§ What this task involves:
Give again exactly the lines that run from the start of the records to the line holding "位于司馬臺長(cháng)城", both ends counted. Do not include the pictures.

Dataset excerpts
[Start of section]

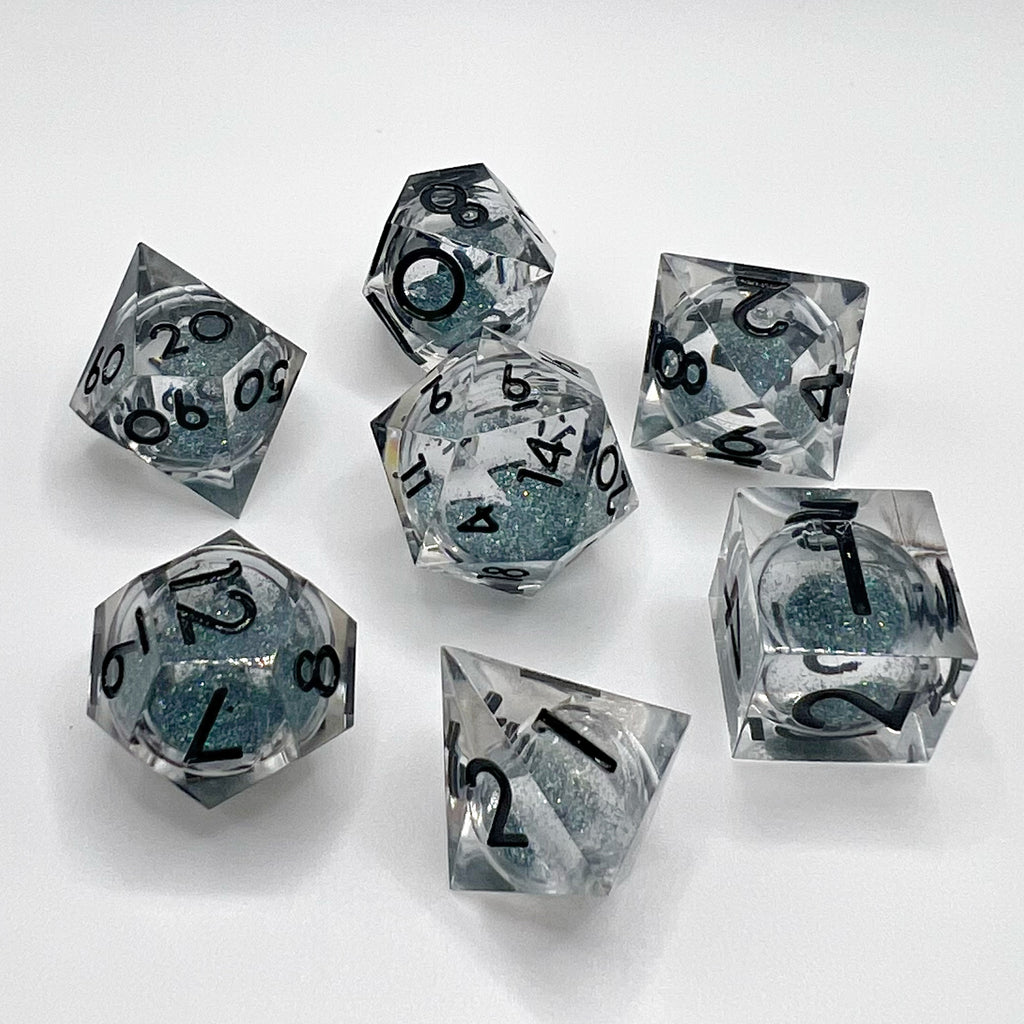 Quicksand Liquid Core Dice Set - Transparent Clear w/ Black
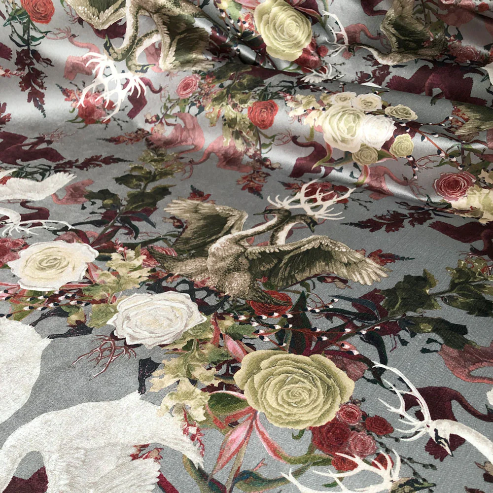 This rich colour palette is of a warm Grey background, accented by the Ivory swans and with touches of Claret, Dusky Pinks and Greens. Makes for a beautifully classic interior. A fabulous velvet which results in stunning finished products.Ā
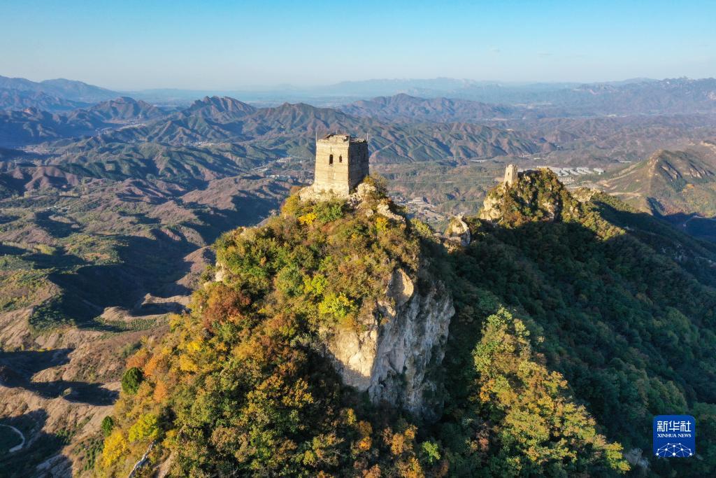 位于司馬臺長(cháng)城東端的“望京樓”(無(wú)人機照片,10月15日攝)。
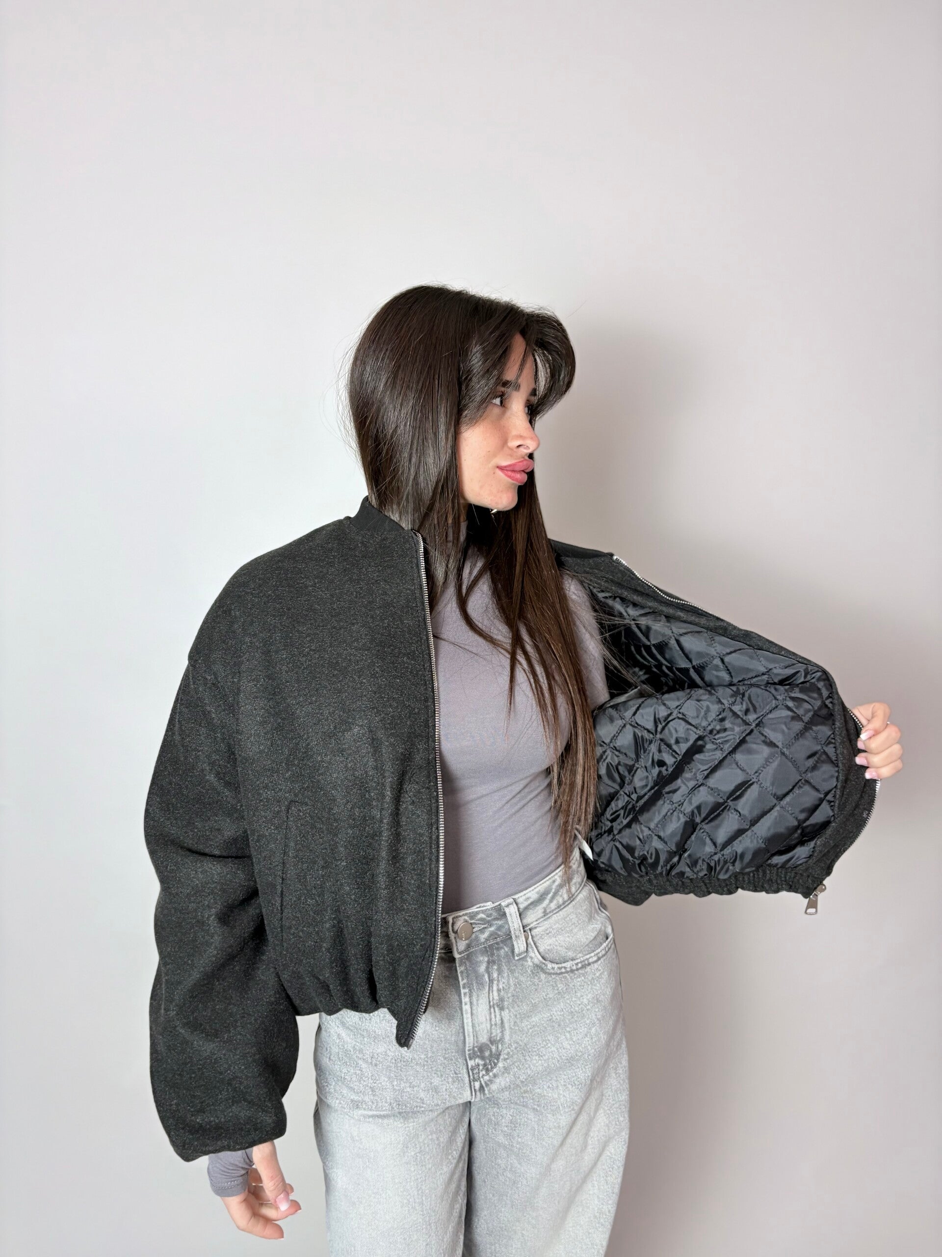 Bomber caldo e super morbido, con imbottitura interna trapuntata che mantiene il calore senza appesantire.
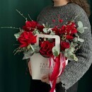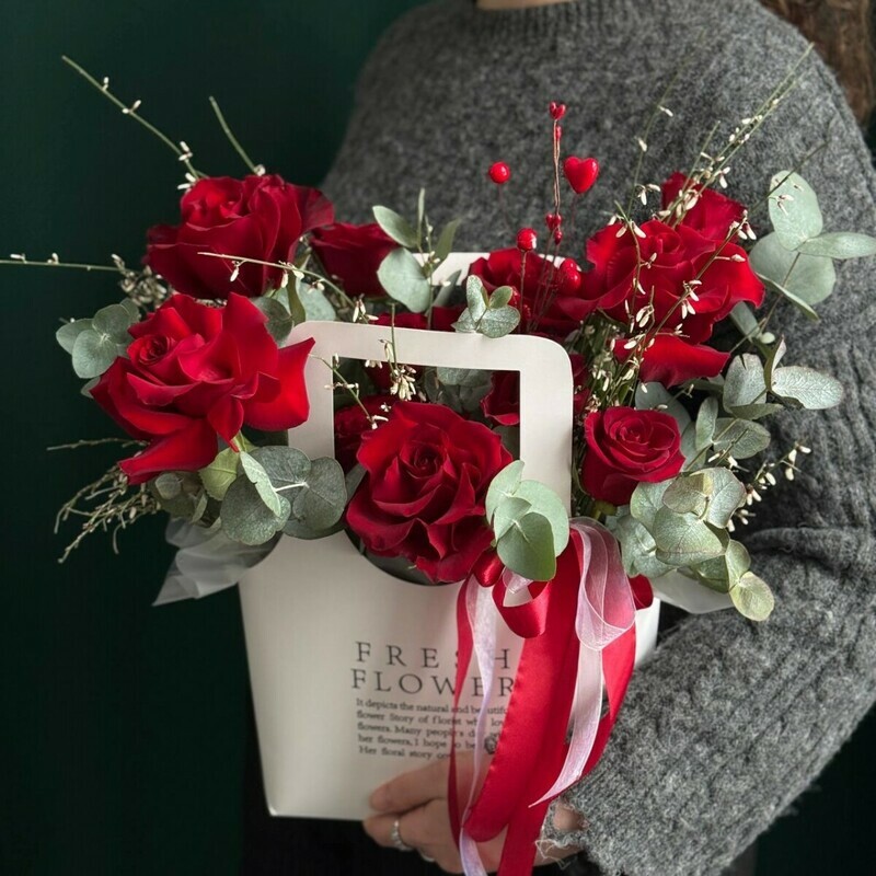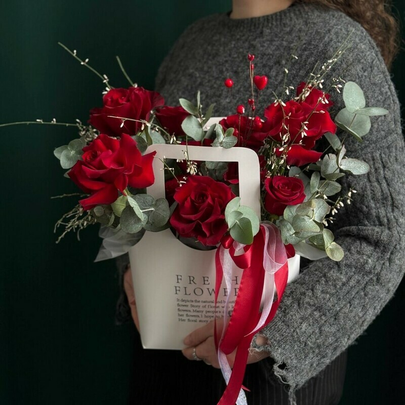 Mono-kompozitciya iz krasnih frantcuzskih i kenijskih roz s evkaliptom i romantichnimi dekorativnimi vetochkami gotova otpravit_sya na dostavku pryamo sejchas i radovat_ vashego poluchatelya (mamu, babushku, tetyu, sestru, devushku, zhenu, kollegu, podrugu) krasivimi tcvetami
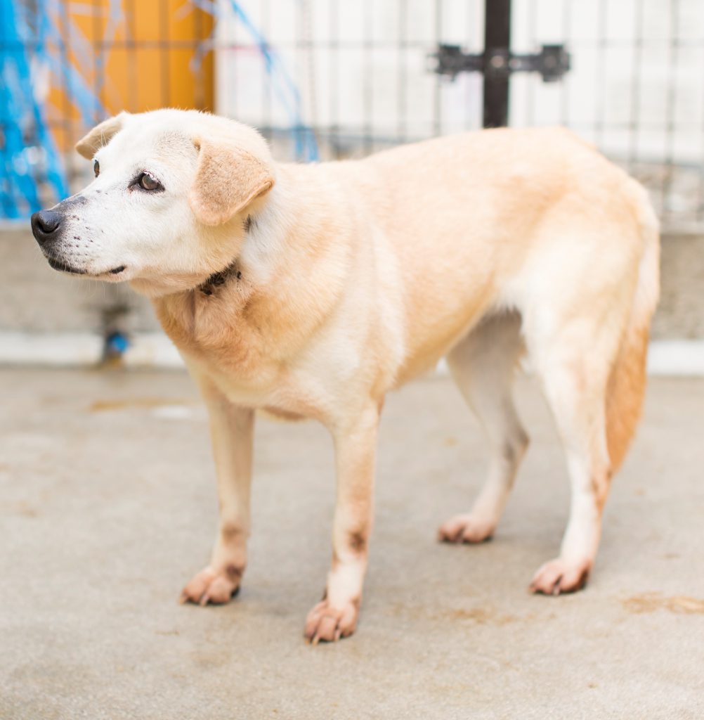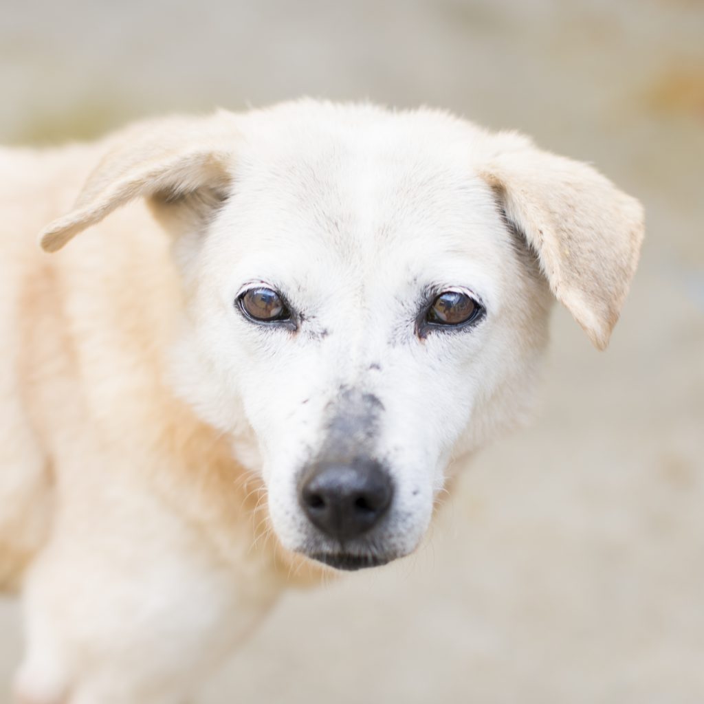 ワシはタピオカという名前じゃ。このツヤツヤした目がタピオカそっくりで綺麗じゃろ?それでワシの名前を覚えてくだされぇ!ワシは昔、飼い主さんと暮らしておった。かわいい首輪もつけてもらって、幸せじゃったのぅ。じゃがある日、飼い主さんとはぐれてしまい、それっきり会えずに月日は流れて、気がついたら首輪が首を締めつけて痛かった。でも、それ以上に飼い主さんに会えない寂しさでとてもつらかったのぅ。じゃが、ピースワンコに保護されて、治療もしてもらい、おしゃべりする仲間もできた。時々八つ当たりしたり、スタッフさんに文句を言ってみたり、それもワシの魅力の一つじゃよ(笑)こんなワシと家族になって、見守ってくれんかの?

[End of section]

§ Exercise response:
 Quicksand Liquid Core Dice Set - Transparent Clear w/ Black
 This rich colour palette is of a warm Grey background, accented by the Ivory swans and with touches of Claret, Dusky Pinks and Greens. Makes for a beautifully classic interior. A fabulous velvet which results in stunning finished products.Ā
 位于司馬臺長(cháng)城東端的“望京樓”(無(wú)人機照片,10月15日攝)。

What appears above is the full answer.